If there's a march on D.C. that goes right up the steps of the Capitol and into the halls of Congress, sign me up. If there's some serious civil disobedience being planned in response to the kleptocratic behaviour of our public serpents, who are almost all either lackeys to, or cowed by, private sector interests, I am there. How about you? Are are you going to tell me it's all a waste of time? Save your breath.

Here's how I feel. Do you want a different government-not just one where only the names change-then we are all going to have to trample the grass on the lawn, big time? Clearly fear, fear of the gut wrenching, knock kneed, bowel loosening sort is the only thing our elected and appointed officials in D.C. will respond to.

I'm awfully sorry, but faxing your congressman or congresswoman just won't do, no matter how often and how irate you sound, no matter how right you may be, or have been, "they" aren't going to be moved until "they" have something coming at them that looks unmistakably like it has every intention of leaving them flat on their backs and writhing in agony.

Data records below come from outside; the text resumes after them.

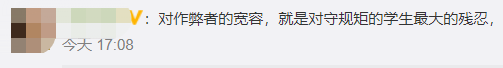 怎样看待考试违规现象?有网友表示:对作弊者的宽容,就是对守规矩的学生最大的残忍。
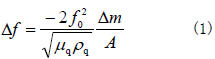 石英晶体微天平(quartz crystal microbalance, QCM)作为微量称量工具,可以测出10-6-10-9克的质量。它具有体积小、灵敏度高、快速、简便等特点,已广泛用于化学、材料、生物、医学、环境监测等领域。石英晶体微天平是基于石英晶体的压电效应对其电极表面的附着质量进行测量的仪器。它的基本工作原理为:石英晶振表面所负着质量的改变引起石英晶振振动频率变化。振动频率随负着质量的改变满足Sauerbrey方程:
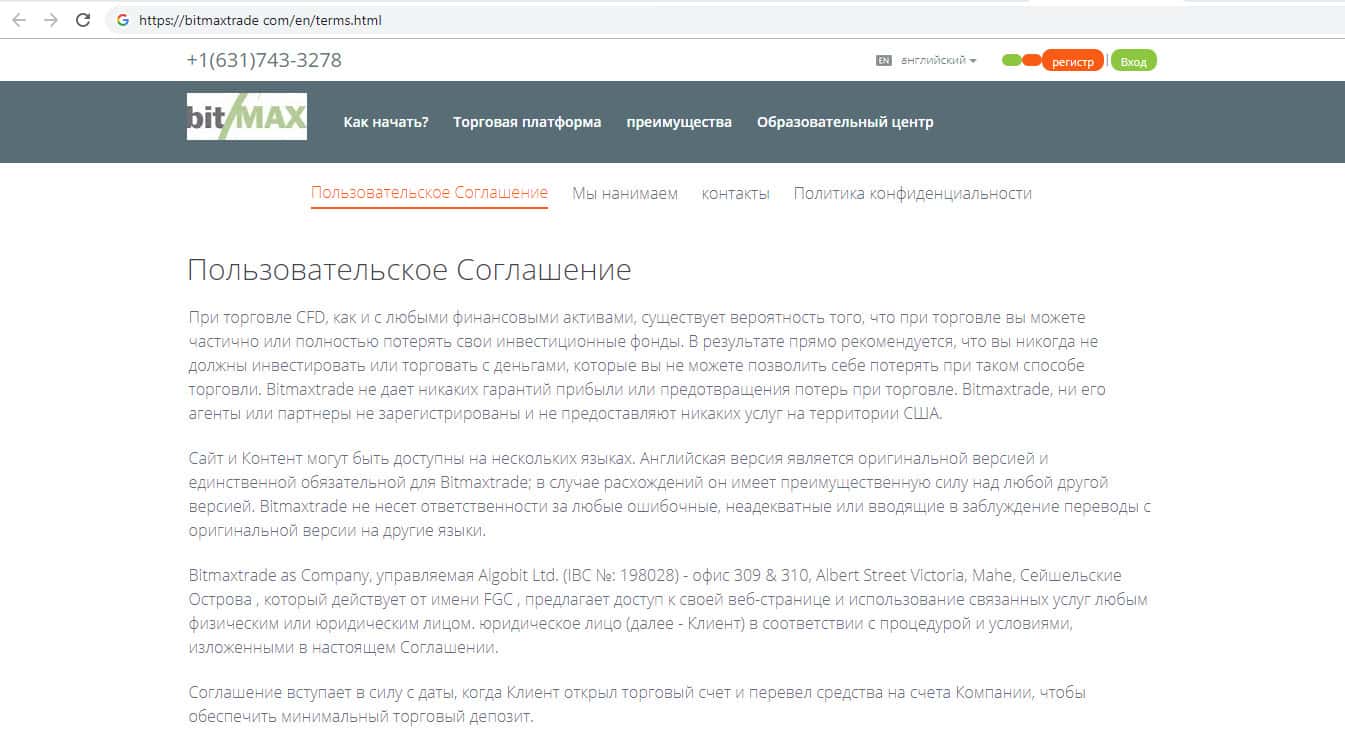 Пользовательское соглашение шулеров Бит Макс Трейд
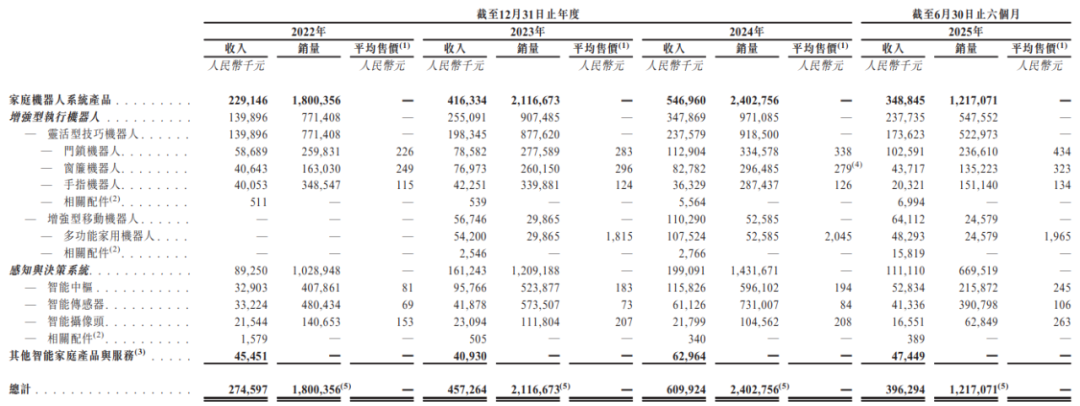 公司是家庭机器人系统全球提供商,2024年收入6.10亿元人民币,净亏损0.03亿元;2025年上半年收入3.96亿元,同比增长44.1%,净利润0.28亿元,同比扭亏为盈,毛利率54.2%。
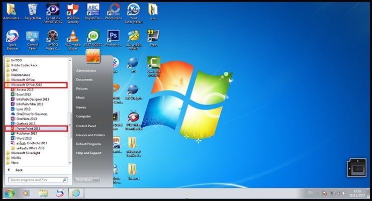 3 คลิกเลือกโปรแกรม Microsoft PowerPoint 2010
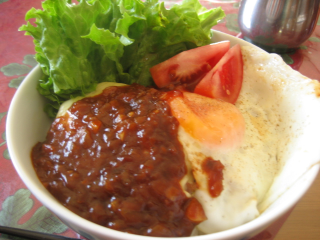 半日で学校は終わったので、お昼はちょっと豪勢に昨日食べたハンバーグの残りの種でロコモコをつくりましたよー。ドン!

Perhaps you think my jeremiad sounds a tad intemperate. So be it. I personally have no interest in getting "them" to do what they ought to have done a long time ago. I want them removed, out, gone!

Wednesday, February 4, 2009

"It Will Be a Catastrophe..."

Our newly inaugurated President asserts that if we don't pass his stimulus package it will be a "catastrophe" for the economy. This is demonstrably false, sickeningly so, because it echoes so closely the late and not lamented Hank Paulson's adumbration to Congress regarding the urgency of passing the "No Banker Left Behind" bailout bill. Whenever anyone employs scare tactics of this sort, you have reason to believe you are dealing with a bad faith gesture coupled with more than a whiff of desperation.

It's equally nauseating because if one looks closely at the stimulus package one will see that in electrical terms it barely has enough wattage to run an alarm clock, let alone the electricity requirements of an entire household. And there is more rubbish in this stimulus package then on a New York City sidewalk after a trash workers strike.

In any event, more stimulus is not what this humble blogger thinks the U.S. economy needs. What it needs is a government that is honest, ditto for the monetary system, and a banking system that is thoroughly cleaned up. A proper cleanup probably involves setting up an RTC where the cost of dealing with all the "non performing assets" is fairly applied. That means that IF taxpayer money is used in substantial quantities, any and all gains in future go directly to the taxpayer. Any other arrangement is off the table and let the chips fall where they may.

Concurrent with the aforesaid sea change in government and the monetary system must come a great national debate on the advisability of trying to restore our way of life circa 2007 and before. I would argue that constant growth and insatiable consumption are not the way forward. Who is with me?